Okul çantamı da hazırlayıp montumu ve ayakkabılarımı giyip evden çıktım. Okula doğru yürürken yolumun üzerindeki pastaneden bir açma alıp yoluma devam ettim.

  Birkaç dakika sonra okula varmıştım. Sınıfıma girdim ve lisenin başından beri her zaman oturduğum sıraya koyup uyumak istedim ve 15 dakika kadar uyudum.
Ders zili çalıp, hoca sınıfa girince uyandım ve kafamı sıradan kaldırdım. Hocanın yanında bir çocuk vardı. Çocuk 173 boylarında, zayıf, sarı saçlı, kahverengi gözlüydü. Hoca konuşmaya başladı.

"Arkadaşlar bu sene sınıfımıza yeni bir arkadaşınız katıldı. Arkadaşınıza iyi davranın çünkü kendisi işitme engelli."

  Sınıfın bana uzak köşesinde oturan Taehyung dalga geçer gibi konuştu
"Hocam bu çocuk sağır mı yani?"

  Sağır kelimesini bastırarak söyledikten sonra sınıftaki birkaç kişi olan arkadaş grubuyla beraber kahkaha atmaya başladı.

  Yeni gelen çocuk dudak okumuş olacak ki zaten özgüvensiz olan bakışları hem özgüvensizliğini korudu hem üzgün bakmaya başladı hem de gözleri doldu.
Hoca çocuğun üzüldüğünü gördü ve Taehyung ile gülen gruba kızdı.

"HEY TAEHYUNG! GÜLMEYİ KES VE DERHAL ÖZÜR DİLE. BİR DAHA DA DALGA GEÇTİĞİNİ DUYMAYACAĞIM!"

  Hoca nefes alıp verdikten sonra tekrar konuşmaya başladı
"Kendini arkadaşlarına tanıt çocuğum."
Çocuk hocanın dudaklarını okuduğu için hocadan tahta kalemi aldı ve tahtaya birşeyler yazmaya başladı.

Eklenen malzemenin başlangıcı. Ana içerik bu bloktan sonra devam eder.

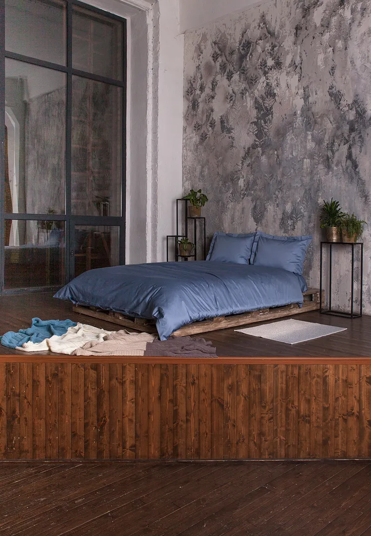 Элегантный и лаконичный комплект постельного белья благородного, сине-голубого цвета.Пошит из однотонного тонкого, прочного и шелковистого сатина, плотностью 300ТС. Наволочки с классическими ушками 5 см., пододеяльник на пуговицах, простыня прямая.
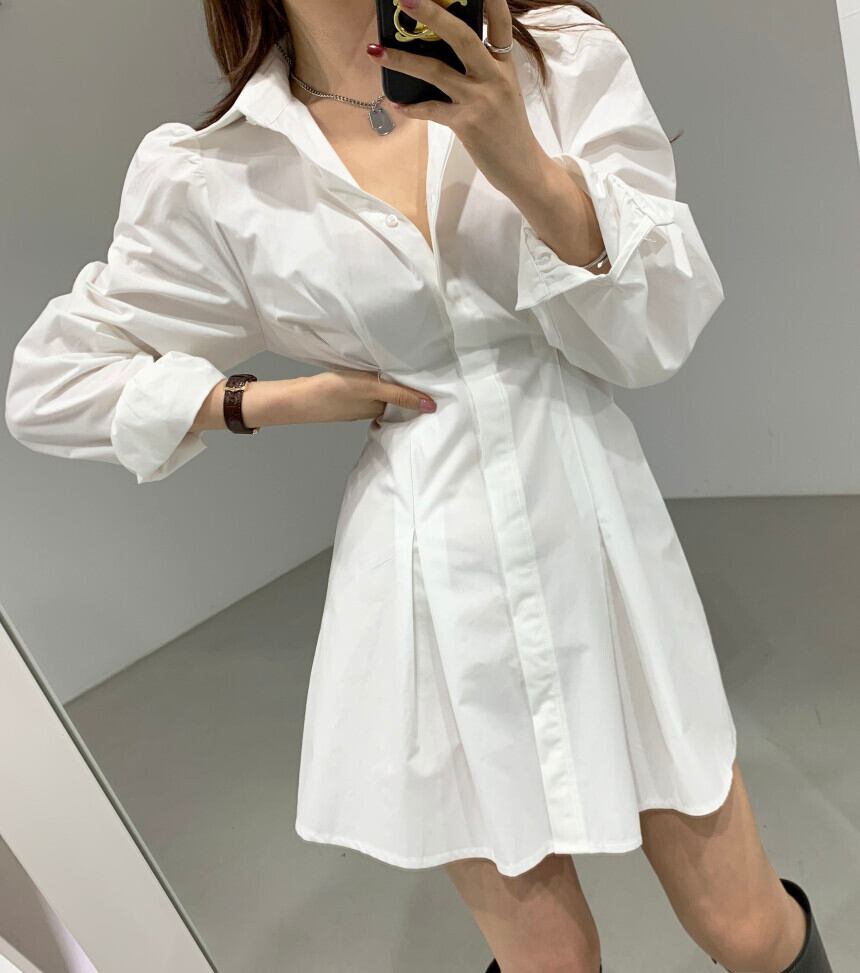 プリーツウェストシャツ ドレス ロング 韓国婦人14687270517
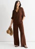 Gini London Brown Air Flow Oversized Shirt Top
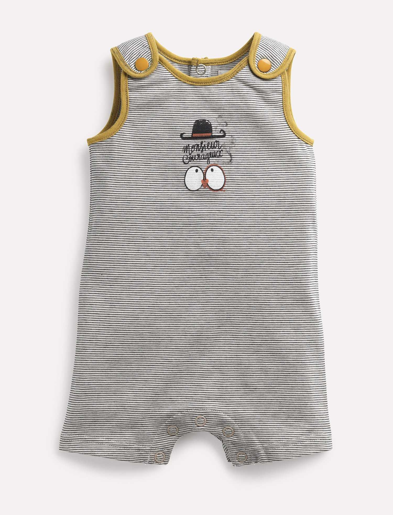 Combinaison douce et confortable, à bretelles, jambes courtes, coupe droite en jersey rayé noir et blanc, gansée ambre, avec sérigraphies chapeau melon et 2 grands yeux rigolos en relief. Fermeture entrejambe par boutons - pression.
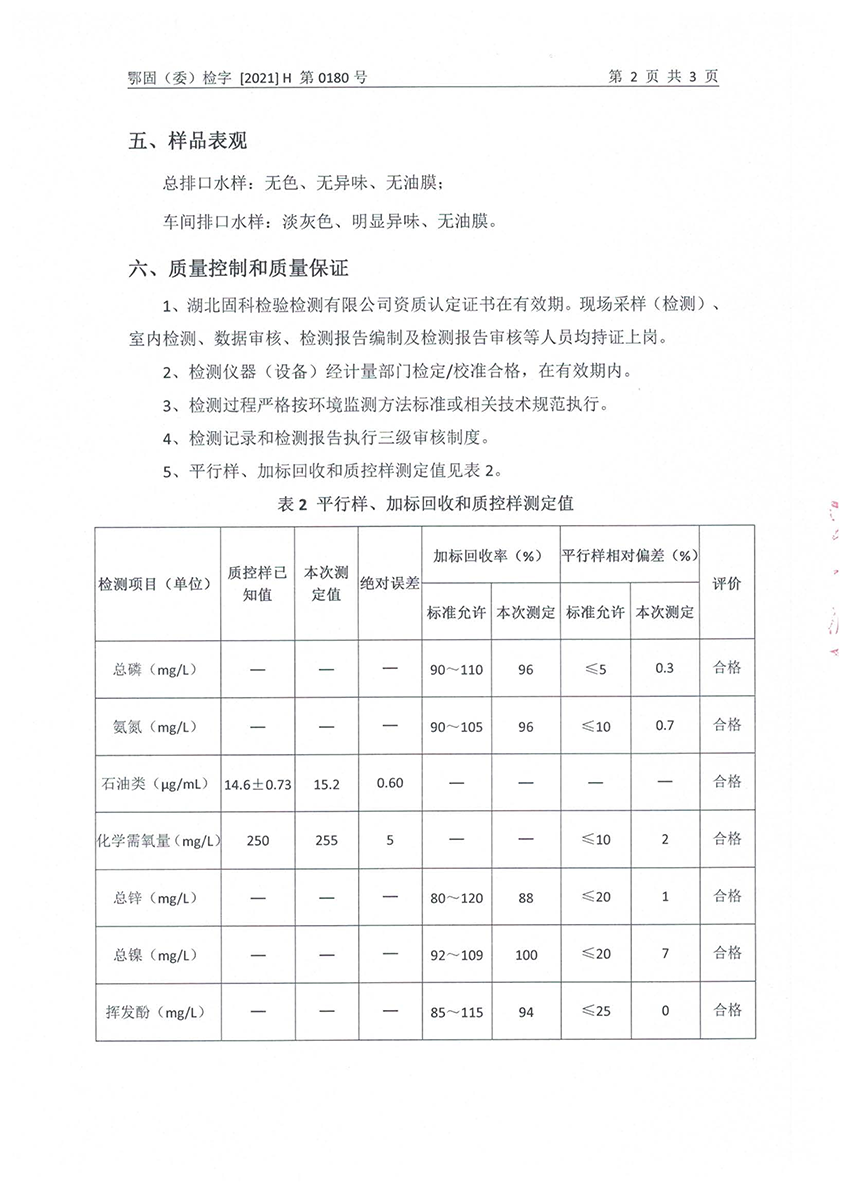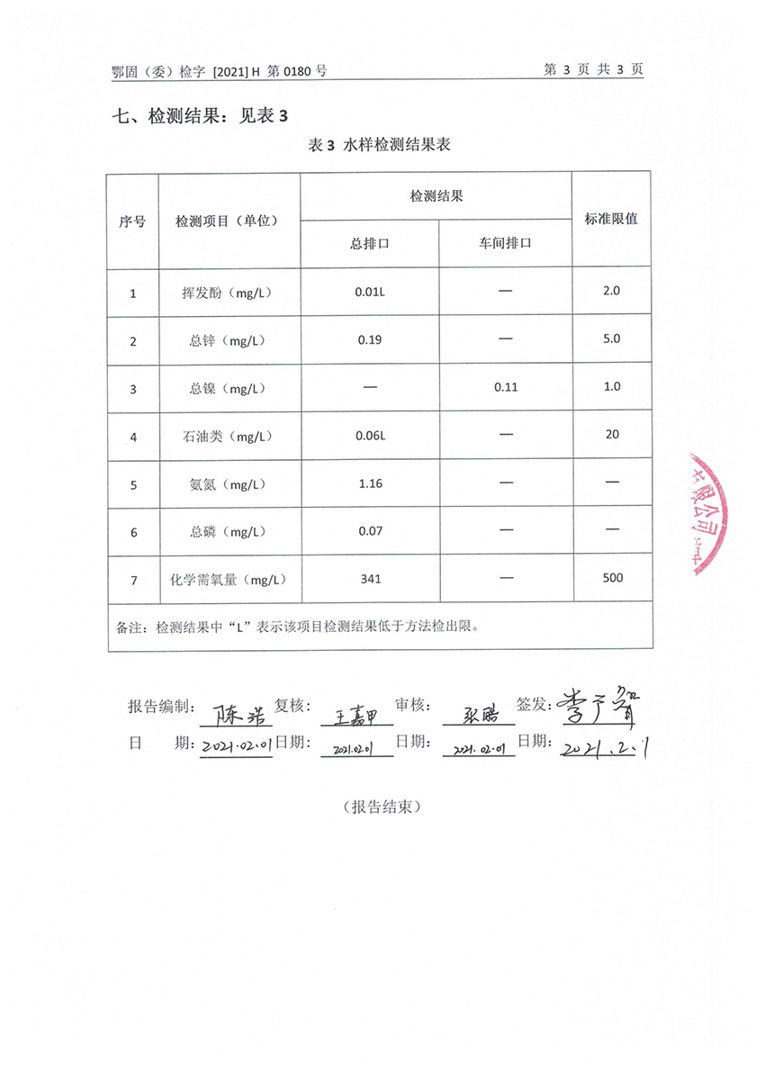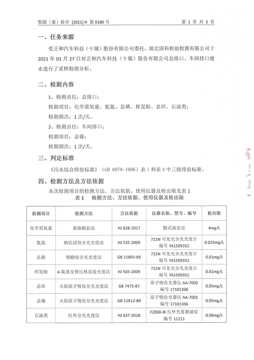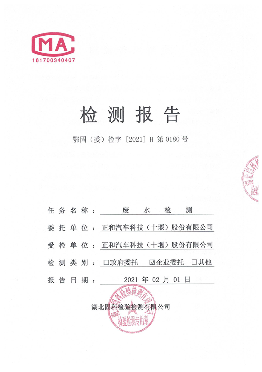 正和汽車2021年2月污水檢測(cè)報(bào)告
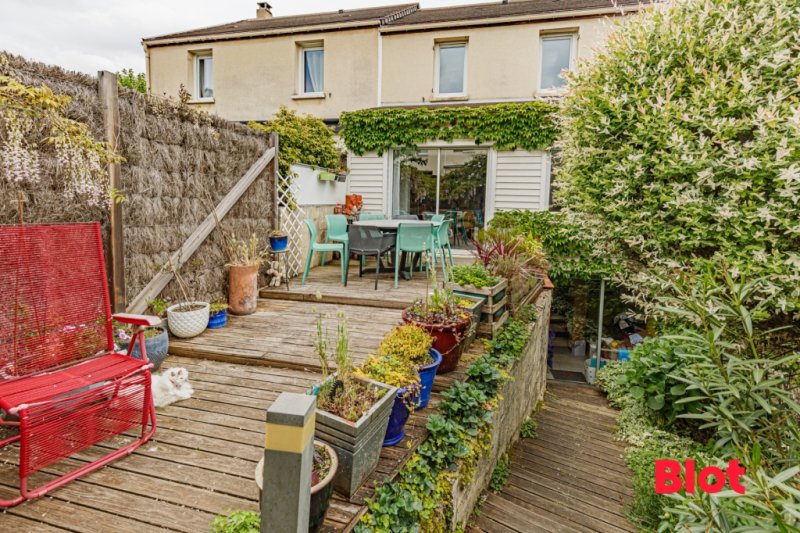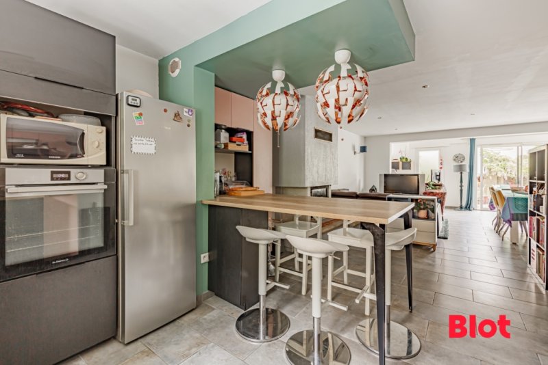 Elle bénéficie d'une belle pièce de vie traversante avec sa cuisine ouverte aménagée équipée donnant sur un jardin clos ensoleillé.

'Merhaba ben Kang Yeosang.' Yeosang kalemi hocaya geri verdi.

"Yeosangcım çok teşekkür ederiz, oturabilirsin" Yeosang elleriyle birşeyler yaptı ve hoca cevap verdi.
"Doğru söylüyorsun, pardon ^beni göstererek^ şu kahverengi saçlı arkadaşının yanı boş oraya oturabilirsin"

  Yeosang kafasını salladı ve direkt gelip yanıma oturdu. Ben de sıraya kafamı koyup dersin sonuna kadar uyudum.

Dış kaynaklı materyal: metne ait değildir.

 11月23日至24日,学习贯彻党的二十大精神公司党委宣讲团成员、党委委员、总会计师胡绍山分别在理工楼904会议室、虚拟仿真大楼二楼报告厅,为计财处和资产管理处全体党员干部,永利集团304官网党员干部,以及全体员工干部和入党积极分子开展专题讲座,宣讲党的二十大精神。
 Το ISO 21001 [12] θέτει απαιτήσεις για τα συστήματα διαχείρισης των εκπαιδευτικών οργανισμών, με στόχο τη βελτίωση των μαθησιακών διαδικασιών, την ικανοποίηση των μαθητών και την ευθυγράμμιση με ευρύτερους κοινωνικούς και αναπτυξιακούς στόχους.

  Tenefüs olunca uyandım, Taehyung ve Yoongi geldi üçümüz birlikte kantine gittik. Kantinde otururken Taehyung konuşmaya başladı.

"Şu yeni gelen özürlü çocukla bize eğlence malzemesi çıktı" Yoongi ve Taehyung güldüler ama ben gülmeyince Yoongi bana sordu

"Jongho sen neden gülmedin veya bir şey söylemedin?"

Yoongiye bakıp "Komik değil çünkü ayrıca ben sizin gibi zorba değilim" dedim.

Taehyung lafa girdi
"Ama okulu popülerlerinden birisin"

Ona baktım "Okulun popülerlerinden biri olmam engelli bir çocukla dalga geçeceğim anlamına gelmiyor Taehyung" yerimden kalktım ve ben kantinden çıkarken Yeosang kantine girdi, ben de onun yanından geçip sınıfa gittim.

  Sınıfta sırama oturdum ve kafamı sıraya koyup uyumayı düşünüyordum ama yanıma ağlayan biri geldi, kafamı kaldırıp baktım ve Yeosang ağlıyordu.
Onunla konuşabilmek için sıraya yazı yazdım.

"Ne oldu ? "

Yeosang ne yazdığımı görmezden gelip cevap yazmadı ve yanımdan kalkıp hala ağlayarak sınıftan çıktı, ben de onun peşinden gittim. Merdivenlere oturup ağlamaya devam etti, ben de onun yanına oturdum ama beni yanından itti hatta eliyle konuşarak ve dudağını oynatarak birşeyler söyledi

'Git başımdan hepiniz aynısınız!'
tam ağzımı açıp bir şey diyecektim ki ağzını oynatarak
'git!' dedi. Ben de onundaha fazla zorlamadan yanından ayrıldım.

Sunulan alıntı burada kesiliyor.